In [190]:
from langchain_community.llms import HuggingFaceHub
from langchain_community.chat_models import ChatHuggingFace
from langchain.prompts import ChatPromptTemplate
import os
import shutil
import fitz
from llama_index.core.node_parser import SentenceSplitter

from langchain_community.vectorstores import Chroma
from langchain_openai import OpenAIEmbeddings
from langchain import PromptTemplate
from langchain.chains import RetrievalQA
from langchain_openai import ChatOpenAI
from IPython.display import display
import openai
import base64
from openai import OpenAI
from langchain import PromptTemplate
from tqdm import tqdm
import pandas as pd


In [None]:
os.environ["OPENAI_API_KEY"] = None

In [192]:
def clear_output_folder(folder_path):
    if os.path.exists(folder_path):
        shutil.rmtree(folder_path)
        print(f'Existing folder "{folder_path}" and its contents have been removed.')
    os.makedirs(folder_path, exist_ok=True)
    print(f'Folder "{folder_path}" is ready for new content.')

In [193]:
def extract_images_and_text(pdf_path, images_output_folder, text_output_file):
    os.makedirs(images_output_folder, exist_ok=True)

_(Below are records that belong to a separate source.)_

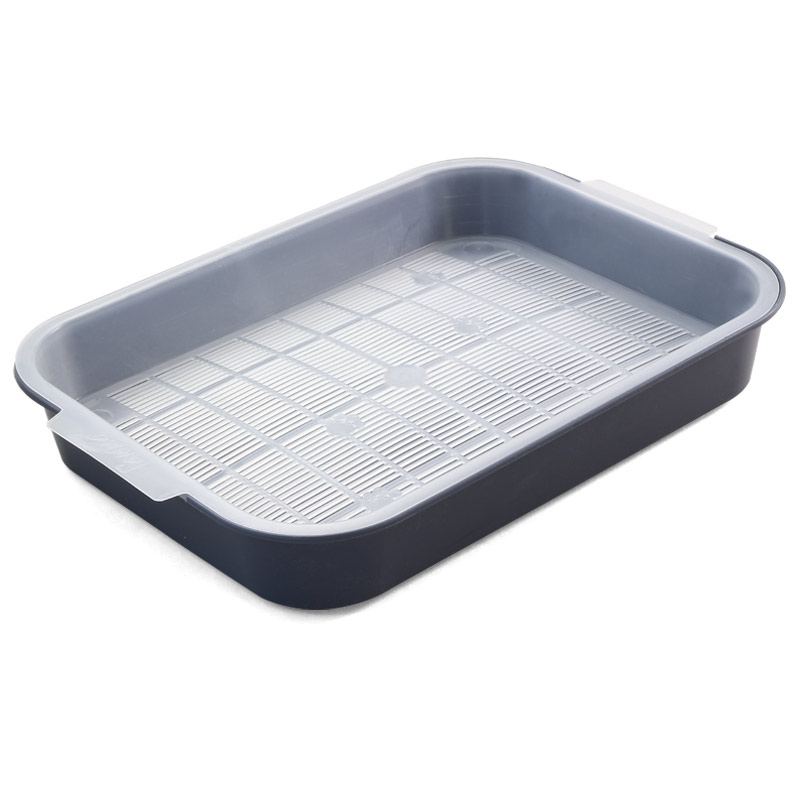 Туалет с прозрачной сеткой - универсальный аксессуар для вашего четвероногого питомца. Такая модель идеально подходит для кошек, не любящих наполнитель. Съемная прозрачная сетка максимально упрощает уборку, а компактные габариты изделия позволят разместить его где угодно с комфортом для животного. Туалет изготовлен из высококачественного пластика и легко чистится под струет воды при помощи моющих бытовых средств. Размеры изделия: 380х280х55мм. Цвета лотков: темно-оливковый, голубой, коралловый.
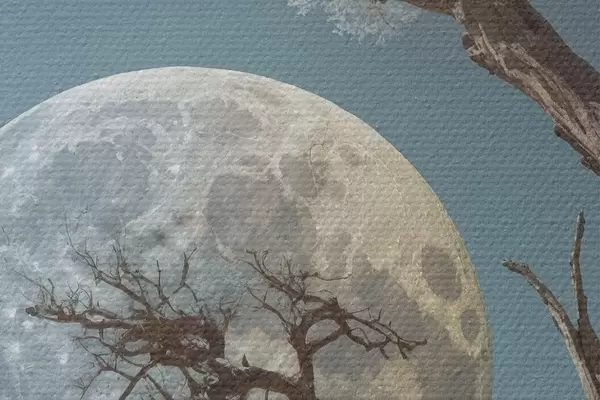 Foto Árbol creciendo en medio de un lago sobre fondo lunar Nr r44481
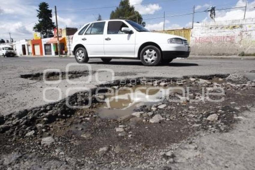 PUEBLA, Pue, 12 octubre 2014.- El desgaste de la carpeta asfáltica, el tráfico pesado y las constantes lluvias provocaron la aparición de baches de grandes dimensiones sobre la avenida 65 A oriente y la calle 2 sur de la colonia La Lagunela, generando molestias para los automovilistas y peatones. //Francisco Guasco/Agencia Enfoque//
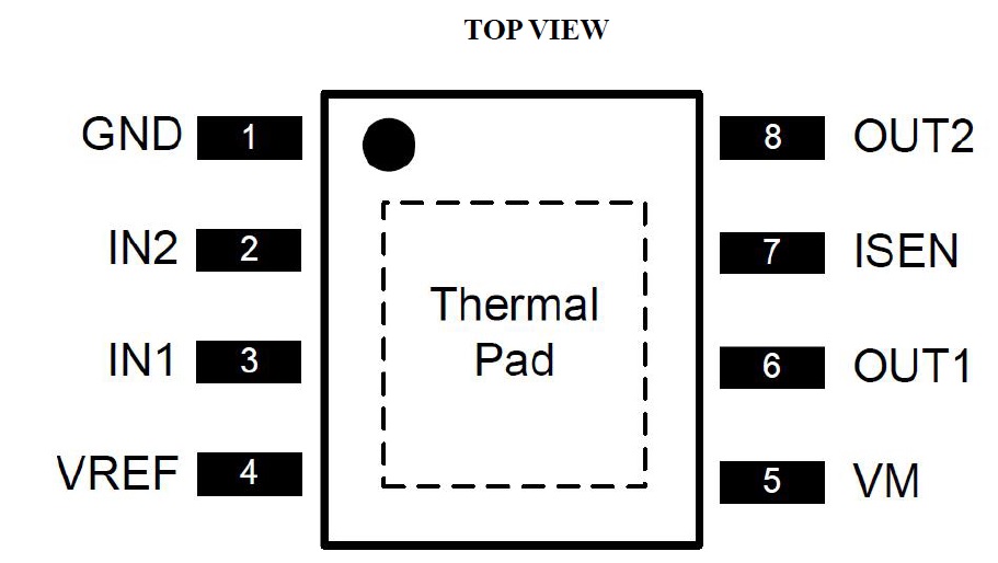 AT8870提供一種帶有裸露焊盤的SOP-8封裝,能有效改善散熱性能,且是無鉛產(chǎn)品,引腳框采用100%無錫電鍍。管腳功能完全兼容DRV8870/A4950.
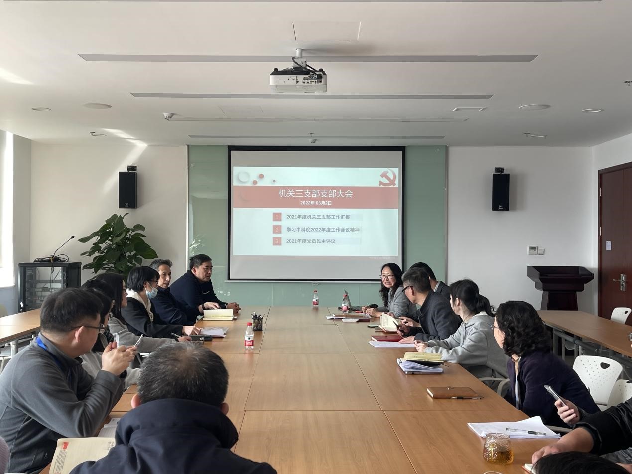 3月2日下午,中国科学院上海硅酸盐研究所机关第三党支部召开2021年度组织生活会,总结2021年度党支部工作,专题学习中科院2022年度工作会议精神,并开展民主评议党员。上海硅酸盐所党委委员、副所长沈兆雷以普通党员身份参加会议,支部党员共计二十余人参会,会议由党支部书记宋桂兰主持。
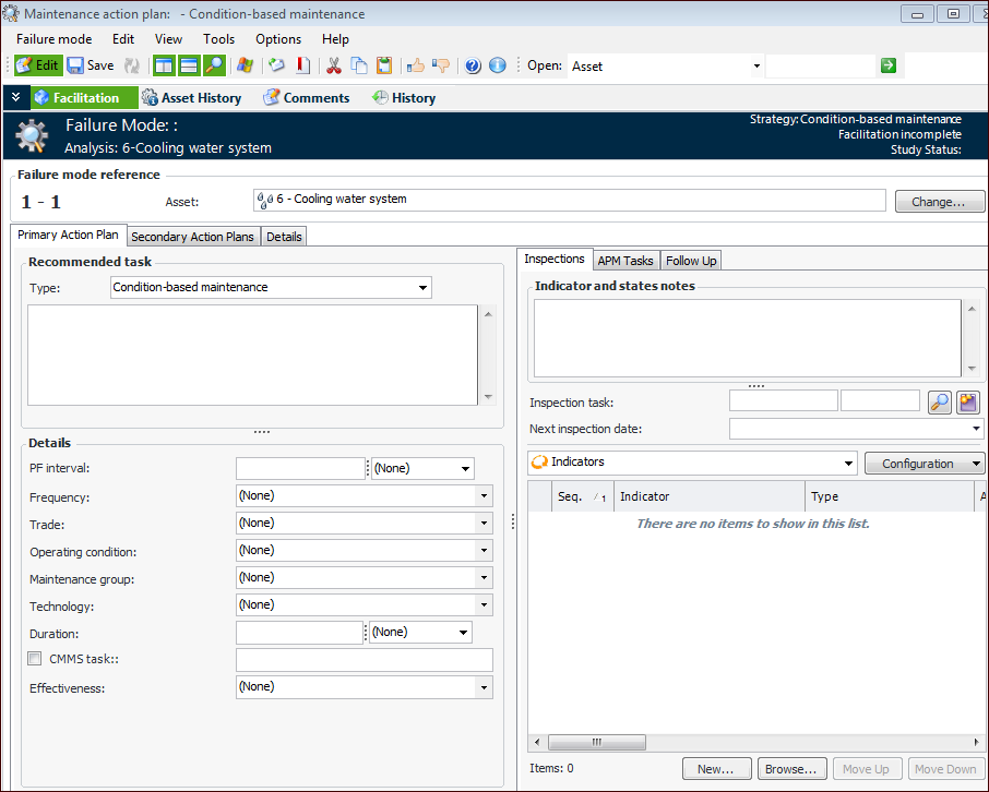 • To be determined means that an action plan type has not been decided on.Note: If APM is configured to interact with a SAP Plant Maintenance system, System condition and Work center are available in the Details area.
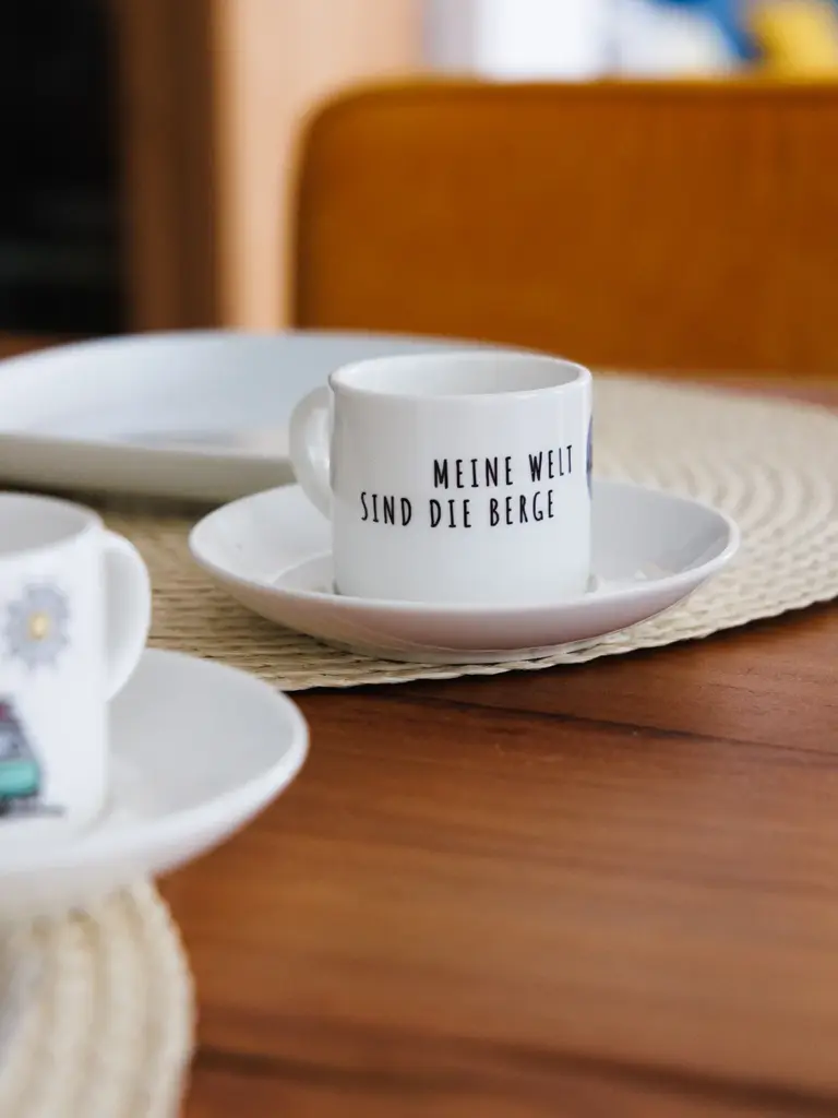 Durch den Aufdruck „Meine Welt sind die Berge“ sorgt diese Espressotasse aus Keramik für besondere Genuss-Momente.

    doc = fitz.open(pdf_path)

    with open(text_output_file, "w", encoding="utf-8") as txt_file:
        for page_num in range(len(doc)):
            page = doc.load_page(page_num) 

            text = page.get_text()
            txt_file.write(f"--- Page {page_num + 1} ---\n")
            txt_file.write(text)
            txt_file.write("\n\n")

            image_list = page.get_images(full=True)
            if image_list:
                for img_index, img in enumerate(image_list, start=1):
                    xref = img[0]
                    base_image = doc.extract_image(xref)
                    image_bytes = base_image["image"]
                    image_ext = base_image["ext"]
                    image_filename = f"page{page_num + 1}_img{img_index}.{image_ext}"
                    image_path = os.path.join(images_output_folder, image_filename)
                    with open(image_path, "wb") as img_file:
                        img_file.write(image_bytes)
            else:
                print(f"No images found on page {page_num + 1}.")
        
        print(f"\nText extraction complete. Saved to '{text_output_file}'.")
        print(f"Image extraction complete. Images saved in '{images_output_folder}'.")

In [194]:
pdf_path = 'files/demo4.pdf'
images_output_folder = 'extracted_content'
text_output_file = f'{images_output_folder}/pages.txt'
clear_output_folder(images_output_folder)
extract_images_and_text(pdf_path, images_output_folder, text_output_file)

Existing folder "extracted_content" and its contents have been removed.
Folder "extracted_content" is ready for new content.
No images found on page 2.

Text extraction complete. Saved to 'extracted_content/pages.txt'.
Image extraction complete. Images saved in 'extracted_content'.


In [203]:
openai_client = OpenAI()

image_folder = 'extracted_content'
supported_formats = ('.png', '.jpg', '.jpeg', '.bmp', '.gif', '.tiff')
caption_pairs = []

for image_name in os.listdir(image_folder):
    if image_name.lower().endswith(supported_formats):
        image_path = os.path.join(image_folder, image_name)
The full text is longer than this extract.